В то время как я стоял, рассматривая их разнообразные лица
и костюмы, в зал вошел рослый коренастый человек с красным
лицом, в зеленом сюртуке. В одной руке он держал пачку бумаг, а
в друюй -- небольшой молоток слоновой кости с деревянной
ручкой, указывавший на его профессию.
При его появлении толпа загудела и зашевелилась. Я услышал
слова. ``Вот он!'', ``Он пришел!'', ``Вон идет майор!''
Присутствующим не надо было объяснять, кто этот человек.
Жители Нового Орлеана прекрасно знали майора Б. -- знаменитого
аукциониста.
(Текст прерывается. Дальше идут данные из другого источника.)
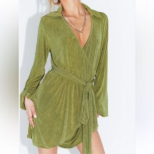 Princess Polly NWT Green Wrap Mini Dress Low Impact Stretch Size 6

Он являлся такой же достопримечательностью Нового
Орлеана, как прекрасный храм Святого Карла.
Через минуту круглое, благодушное лицо майора появилось над
кафедрой, несколько ударов его молотка восстановили тишину, и
торги начались.
Сципиона поставили на каменную глыбу первым. Толпа
покупателей обступила его; ему щупали ребра, хлопали его по
ляжкам, как если бы он был откормленным быком, открывали ему
рот и разглядывали зубы, словно лошади, и называли цену.
В другое время я почувствовал бы жалость к несчастному
малому, но сейчас сердце мое было переполнено, в нем не
осталось места для бедного Сципиона, и я отвернулся от этого
возмутительного зрелища.
Я снова уставился на дверь, пристально рассматривая каждого
входящего в зал. Д'Отвиль все не появлялся. Он, конечно, скоро
придет. Он сказал, что будет в двенадцать, но пробило час, а
его все нет.
Наверно, он скоро явится, он не опоздает. В сущности, мне
было рано тревожиться: имя Авроры стояло последним в списке.
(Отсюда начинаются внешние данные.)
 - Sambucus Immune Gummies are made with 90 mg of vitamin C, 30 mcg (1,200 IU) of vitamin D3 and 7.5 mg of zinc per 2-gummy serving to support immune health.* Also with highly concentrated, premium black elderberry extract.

Оставалось еще много времени. Я вполне полагался на моего
нового друга, хотя и мало мне знакомого, но уже испытанного.
Своим поведением прошлой ночью он полностью завоевал мое
доверие. Он не обманет меня. Его опоздание не поколебало моей
веры. Очевидно, когда он доставал деньги, ему встретились
какие-то затруднения, ведь я надеялся, что он выручит меня. Он
сам намекал на это. Вот что задержало его, но он еще подоспеет.
Он знает, что ее имя стоит последним в списке -- под No 65.
Несмотря на мое доверие к д'Отвилю, я был очень встревожен.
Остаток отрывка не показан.